Greg Mason tips for releasing creativity

I’ve recently noticed that having unfinished paintings looking at me from the walls of my studio has been a big distraction to moving forward with the piece that I’m currently working on. Their neediness ‘calls out’ in a way that disturbs me and stops me being able to give myself completely to the most important painting – the one that’s actually on the easel in front of me.

I wonder if it’s the same for other artists.

Anyway, my solution is to periodically create a clearing and review what I’ve started in a way that allows me to move on from paintings that are never going to work and let go of those that were started with interest – but will never call me back to finish them.

We all have paintings that were begun with passion and enthusiasm, where we saw something in the subject or in a moment that called out to us, but which have never moved past that initial burst of energy and now lie dormant on the studio floor. In this situation, and in order to move past this, there are three questions I ask myself to see if I can let go or commit to finish the work.

“Do I still believe in what I saw in the painting when I started?”

“Does it fit within the vision of the kind of work I see being representative of my practice?”

“Will I commit to finish it and (most importantly) when?”

It may be brutal, but if I don’t get three clear, positive answers to these questions then I let go and paint over it. You might need to get someone to help you with this as an independent voice asking you these deep reflective questions is sometimes better than your own. I certainly have a friend who helps me in this way and it makes a big difference.

What you’ll find, if you employ this technique, is a clearing of your physical space and a profound clarifying of your intentions as an artist. It’s so important to take stock and refocus yourself once in a while. For sure, allow yourself seasons to experiment and reach out to new ideas and new methods – but don’t be driven by the buzz of the new. Don’t let the ‘unfinished’ stack up and strangle the ‘completer’ in you.

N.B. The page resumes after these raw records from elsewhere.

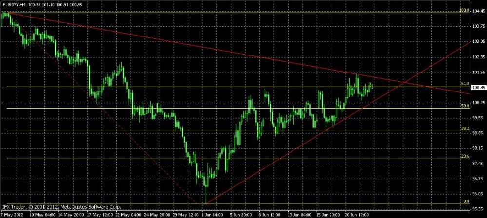 the pair is testing now the resistance level 61.8% , so i think if it can break it , it will continue upward till reach the down trend and make retest , else it will reverse and continue down till reach the bullish trend and there we can buy with small stop lose below this trend ,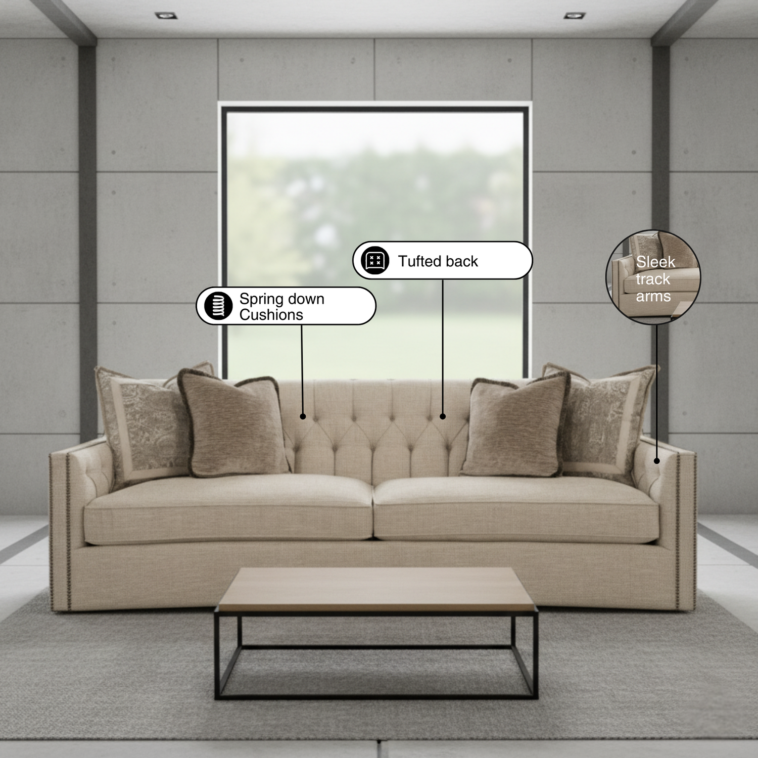 The tight back, deep hand-tufting, premium nailhead trim, and reversible cushions aren’t just design choices they’re daily-life features.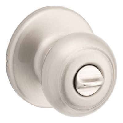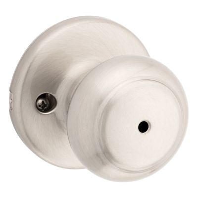 The Kwikset Cove privacy knob in Satin Nickel is designed for interior bed and bath doors that require locking. It features universal handing for right- or left-handed doors, adjustable backset, and Microban antimicrobial protection for a cleaner surface.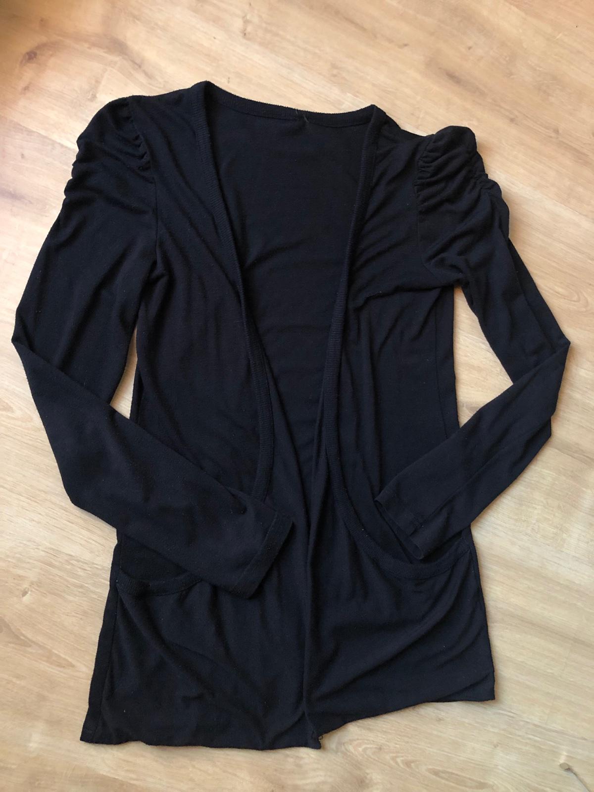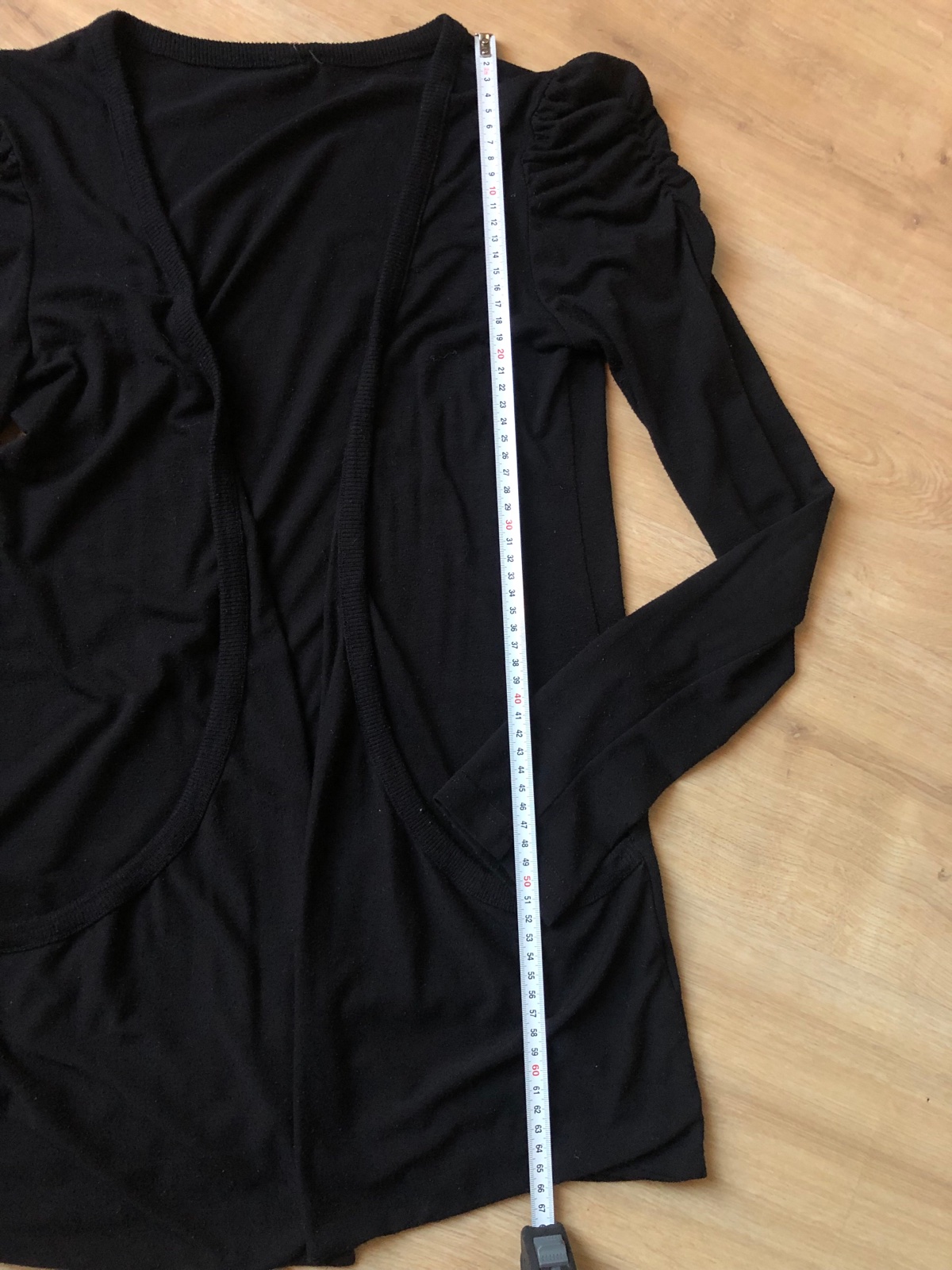 Strapcovy kardigan minimum noseny ziadne poskodenia. Velkost S, znacka AMISU.Rukav od krku 73 cm, od ramena 61 cm. Dlzka prednaj casti najdlhsej 89cm potom uz je dlzka tak 71 cm cize iba predna ca...

So my final tip is ‘be aware of your personality type’ and notice how it affects your behaviour. If you, like me, have noticed patterns in your life that repeat themselves over and over (and for me that would be the love of starting new things) then use them as strengths but don’t be afraid to call them out if they hold you back. Release the completer finisher and give yourself the freedom to move wholeheartedly into your next piece of work.